In QBE Insurance Europe Ltd & Amalfi Underwriting Limited v Timothy Higgins (23 July 2009) the Court of Appeal found that mental illness is not an adequate defence in all cases.  In the instant case there was overwhelming evidence of dishonesty on the part of the defendant, despite a defence based on Alzheimer’s. 

The defendant was found guilty of insurance fraud after two previous rulings in the case in June and December 2008.  London Market insurers QBE, Amalfi Underwriting Ltd and Markel International Insurance Company Ltd had brought a joint action against Surety Guarantee Consultants Ltd, whose former directors and managers/associates had made secret profits by writing surety bonds above agreed limits.

Held
The Court of Appeal held that the High Court Judge was correct in his finding that the defendant, Mr Higgins, an underwriting agent who suffered from Alzheimer's disease, had either conspired with others to defraud Markel and QBE (his principals) or that he had given dishonest assistance to others in breach of his fiduciary duty to Markel/QBE. 
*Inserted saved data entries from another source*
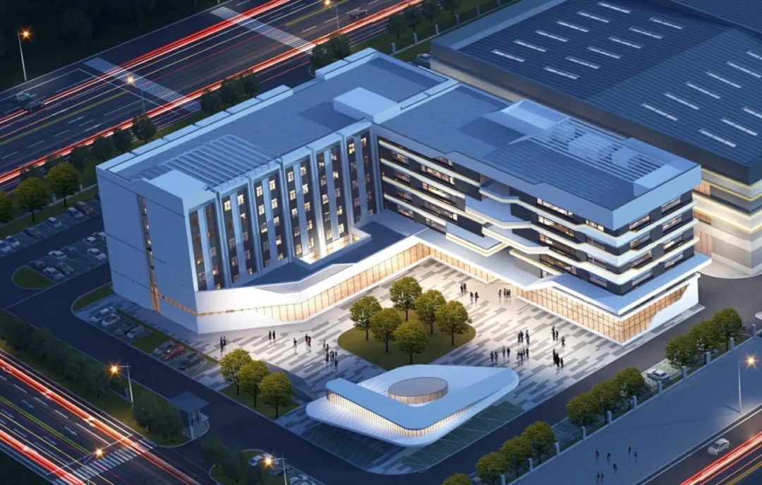 廠房形體簡潔,突出高效生產特點,辦公樓及宿舍樓通過陽臺、露臺、線條等多種形體組合,展現(xiàn)出前衛(wèi)、科技的外立面形象。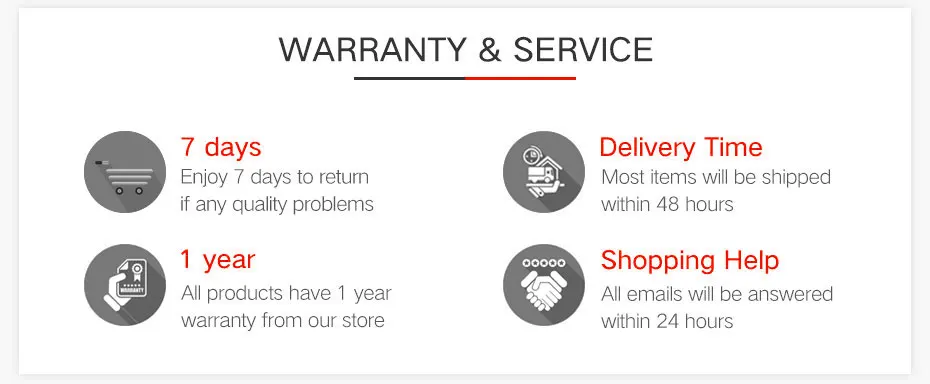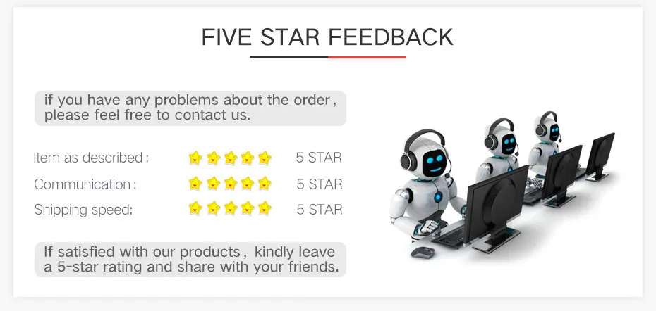 1. Сотрудники отдела продаж очень хорошо осведомлены о продукте, и любые ваши вопросы будут решены здесь.2. После получения товара, пожалуйста, нажмите, чтобы получить товар в AliExpress покупателя. Если вы удовлетворены нашими продуктами и услугами, пожалуйста, оставьте хороший комментарий. Также Добро пожаловать в наш магазин.3. Если товар не получен или товар поврежден, пожалуйста, свяжитесь с нами вовремя. Прежде чем сделать отрицательный отзыв, пожалуйста, свяжитесь с нами, мы готовы решить проблему для вас.Нам нужны положительные отзывы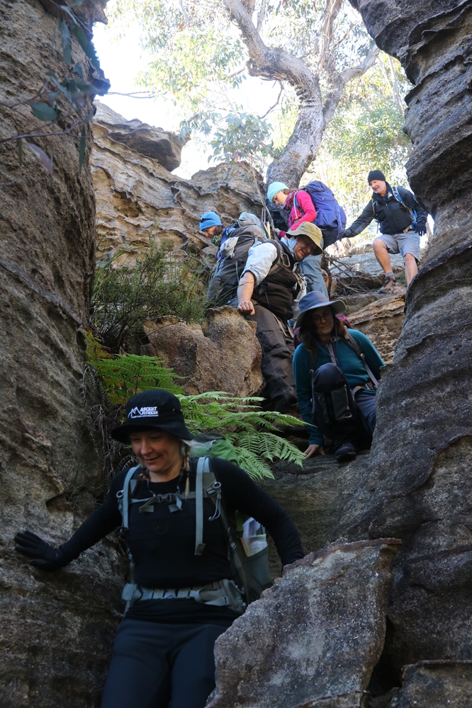 The MountainSphere navigation weekend is a 2 day educational bushwalk that provides clients with practical training on the skills of navigation off the beaten track by map and compass. Expert tuition in map reading and use of a compass is provided, and participants immediately put these skills in practise to find a route and navigate to a beautiful campsite hidden in the heart of a sandstone wilderness. Apart from the educational aspects, the navigation weekend is an excellent opportunity to get off the beaten track and explore a beautiful wilderness area in a small group expedition with people who are there for the same reasons you are.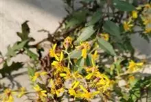 千里光是菊科千里光属多年生攀援草本植物。千里光的茎呈细圆柱形,整体为之字形,分枝多,表面灰绿色或黄棕色,有灰白色柔毛;叶子为长三角形,有细小的裂缝或羽毛状浅裂,叶柄有少量的柔毛;花瓣呈长椭圆形,黄色,…全部>>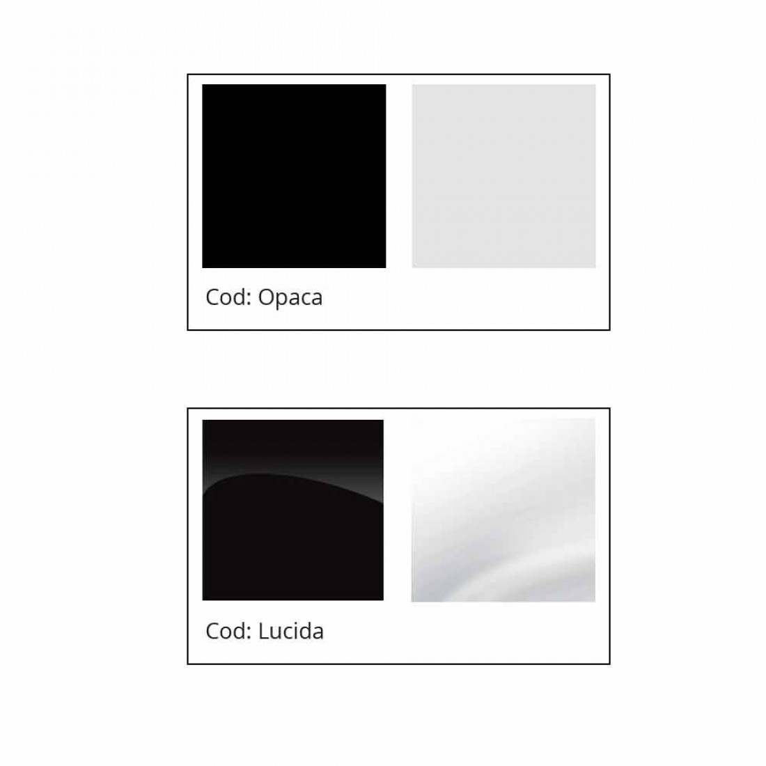 Vega ist in verschiedenen Farben erhältlich und es ist möglich, die Art der glänzenden oder matten Oberfläche zu wählen. Geben Sie die gewünschte Oberflächenbehandlung an, indem Sie sie in das entsprechende Feld neben dem Produktblatt eintragen.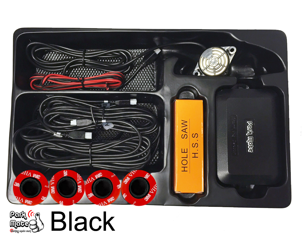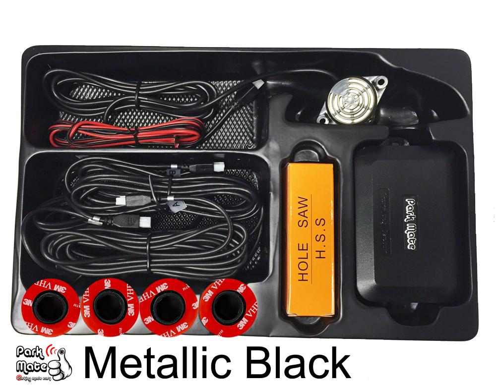 The Park Mate PM320 flush fit front parking sensors are our smallest sensor heads, measuring at just 16.5mm in diameter, which sit flush inside the bumper. This easy-fit system includes 4 flush fit mounted sensors, which are attached to inside the bumper with the 3M double-sided adhesive pads (please choose from one of the 20 pre-coloured sensor heads, or choose our custom sprayed painted service to match your existing paintwork) These sensors are depth adjustable from 1mm-4mm, with a screw mechanism to adjust to different thickness of bumpers. This high quality universal reversing sensors system will cover the widest of cars & give off a professional finish. Included is a audio buzzer which gives audible bleeps with increasing frequency as you get closer to an obstacle. Free bumper drill bit included. Power cable & 2x snap connectors supplied - simply insert the wire inside the connector, connect to the positive cable on the reverse light, squeeze the contact down flush with the connector and snap the hinged cover in place. It's that easy! Fitting guide can also be found at the bottom of the Park Mate website.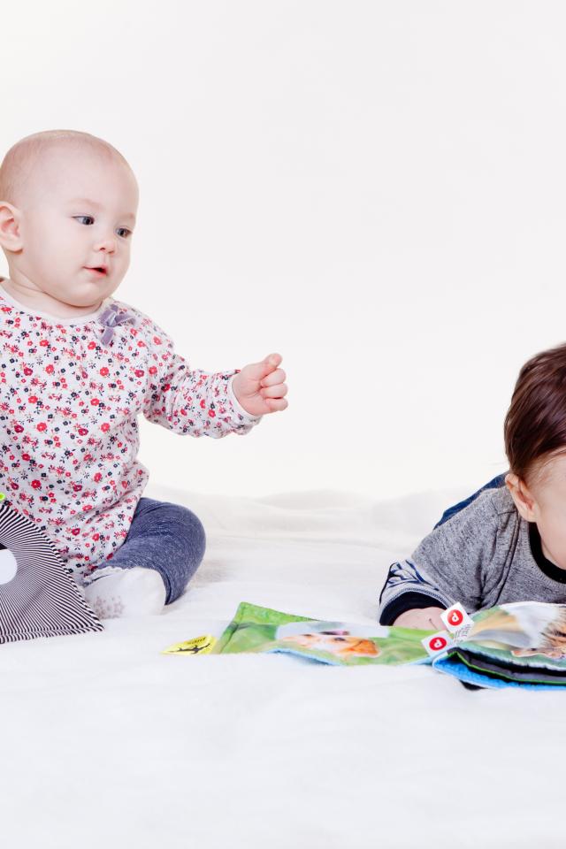 Wallpaper Two little children playing on a white background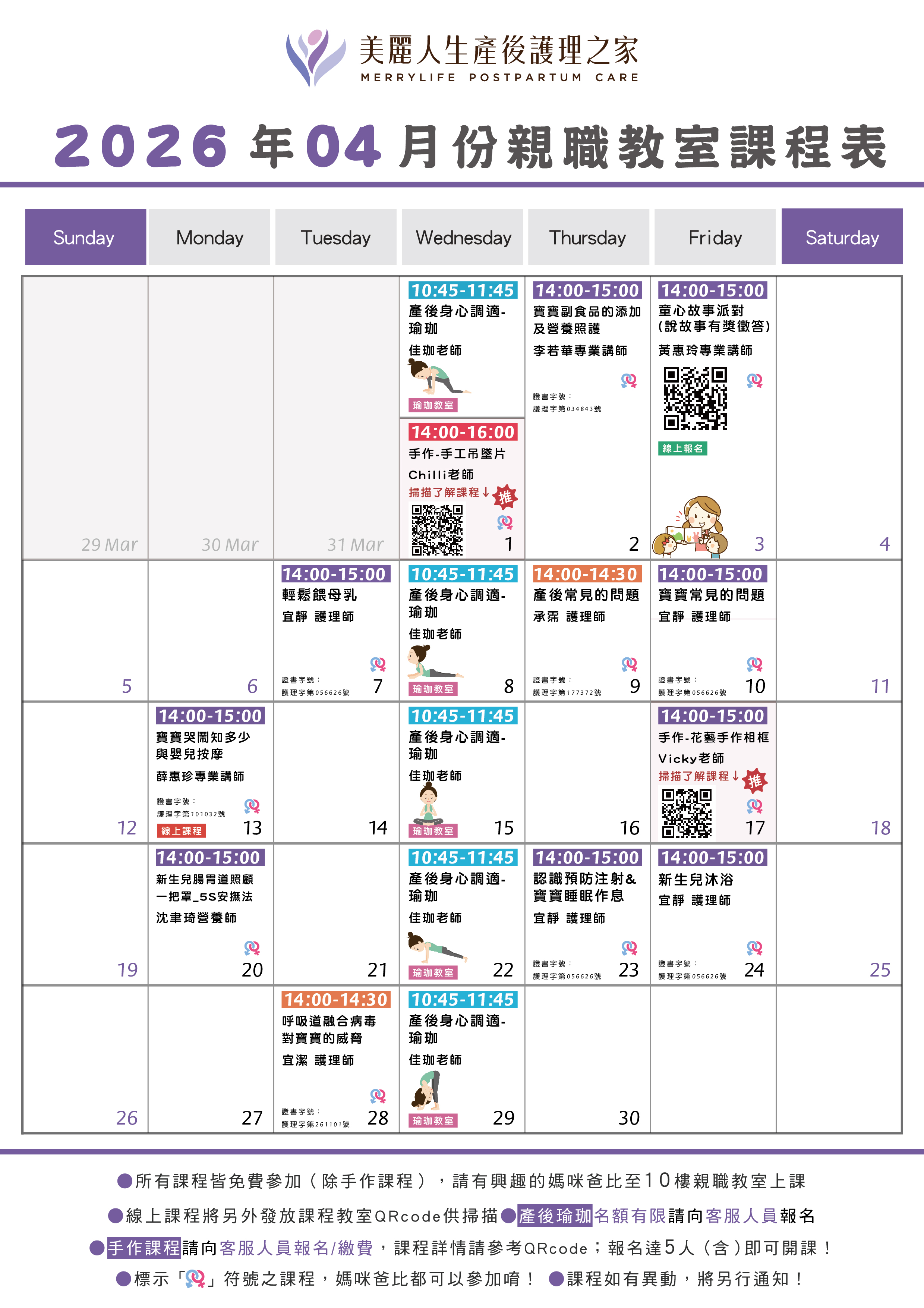 ❤ 美麗人生產後護理之家 ❤ 2026年 04月 親職課程 館內媽咪幸福多元化產後課程 提供住房媽咪的專屬活動 產後照護|哺乳技巧|嬰幼兒照護|親子共讀|產後瑜珈|手作課程 一起利用空閒時間,一同學習 豐富媽咪的產後時光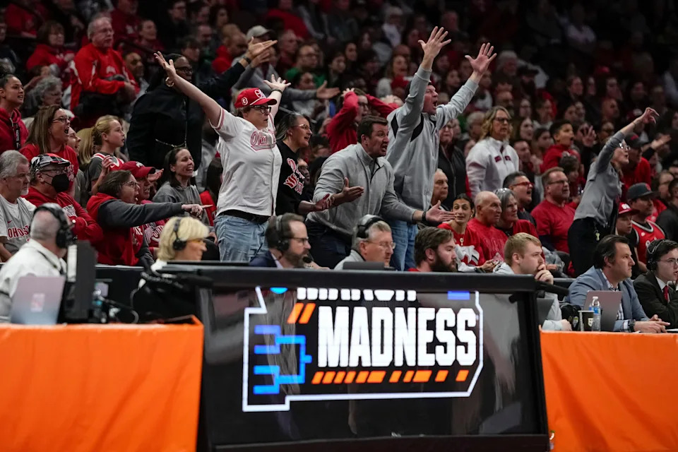 Ohio State Buckeyes fans react to a foul call during the NCAA women’s basketball tournament second round game against the Notre Dame Fighting Irish at the Jerome Schottenstein Center in Columbus on March 23, 2026.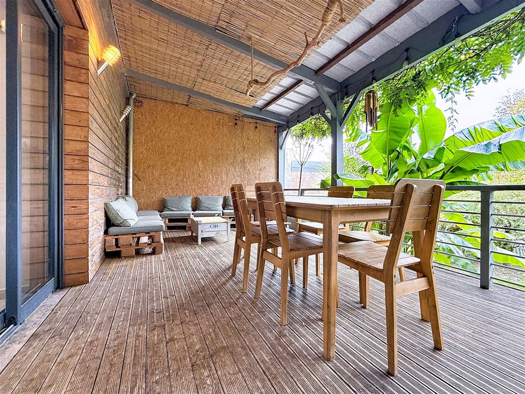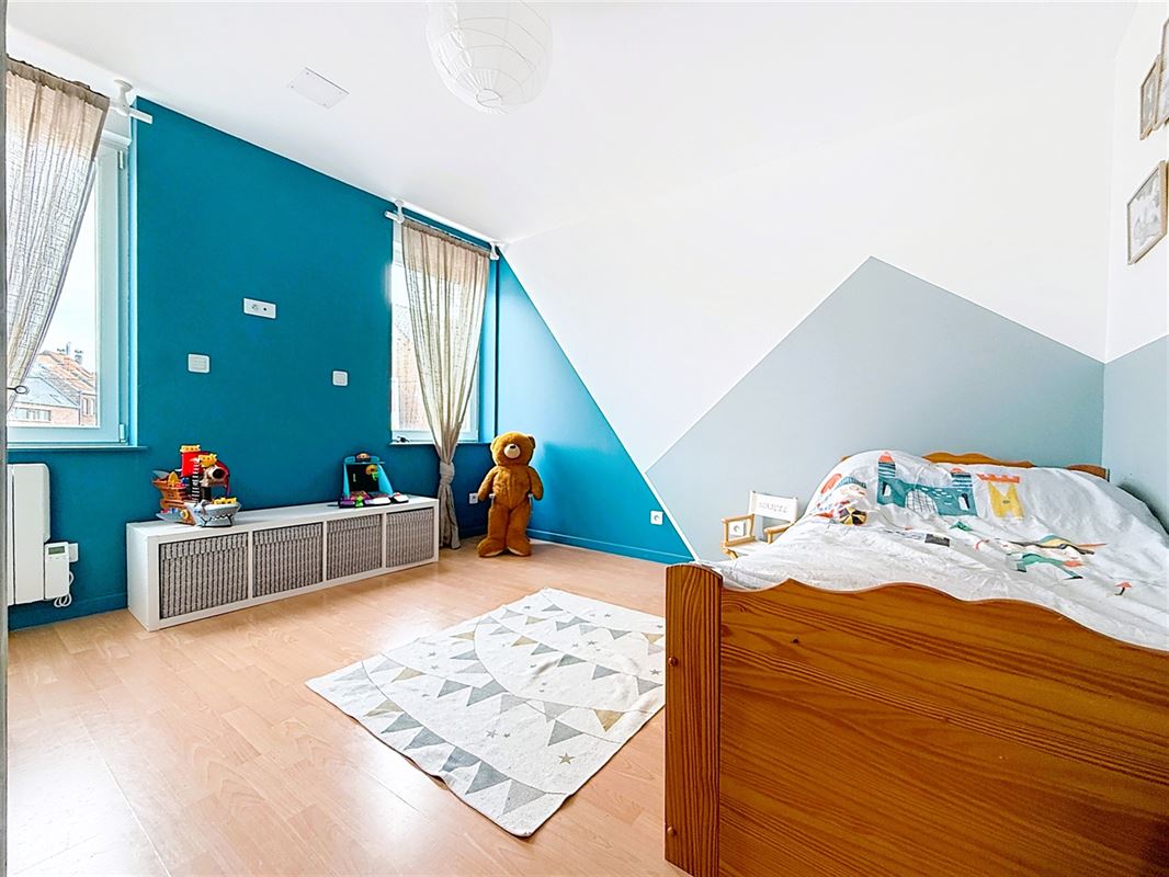 Le second étage propose une troisième chambre aménagée dans le grenier, accessible via un escalier fixe.Le sous-sol complet comprend plusieurs caves, dont une buanderie/chaufferie avec accès direct vers l'extérieur. Une des caves est aménagée et idéale pour la musique, le bricolage, les jeux ou un atelier créatif.À l'arrière, vous profitez dune terrasse en bois couverte, en hauteur, et d'un jardin clôturé.Maison rénovée à la frontière flamande, proche des écoles, commerces, transports et grands axes. Poêle à pellets, châssis double vitrage PVC/bois avec volets motorisés, carrelage effet parquet, parquet dans les chambres, spots intégrés et boiler pour l'eau chaude.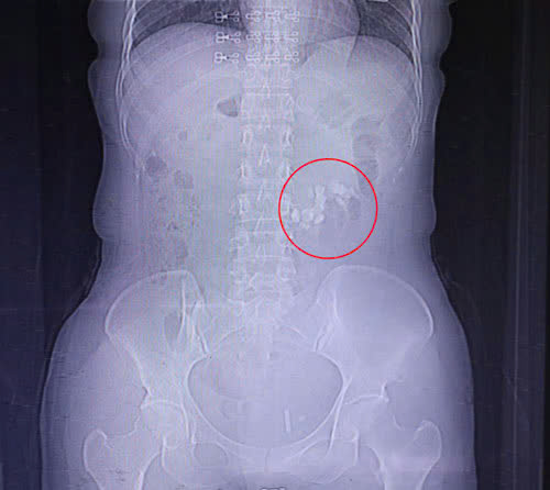 Sỏi thận của người bệnh (Vùng khoanh tròn màu đỏ)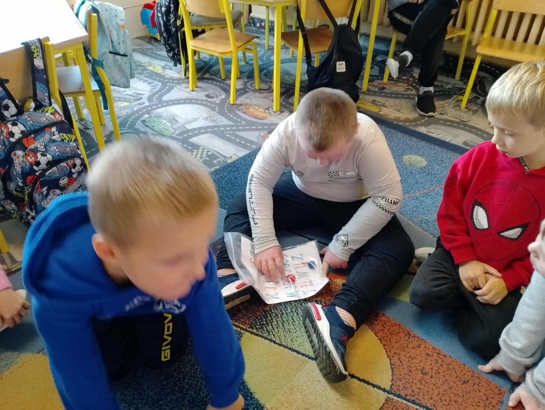 Zabawa manualna, podczas której nie tylko ćwiczyliśmy drobne mięśnie palców, ale także cierpliwość, koncentrację uwagi oraz utrwalaliśmy poznane litery.

The Court found that the components of the fraud/dishonest assistance case brought against Mr Higgins were overwhelming.  Central to this was the fact that excess premiums should have been paid to Markel and QBE or, if there had been a silent co-surety arrangement, to Templeton.  Instead, the unaccounted premiums were paid to a company effectively owned by the three co-conspirators in the case.  There was a powerful inference that Higgins had acted dishonestly.  Alleging intermittent forgetfulness caused by Alzheimer's was inadequate as he appeared to have known what he was doing.  One transgression included writing bonds over the prescribed limits set by Markel and QBE on numerous occasions.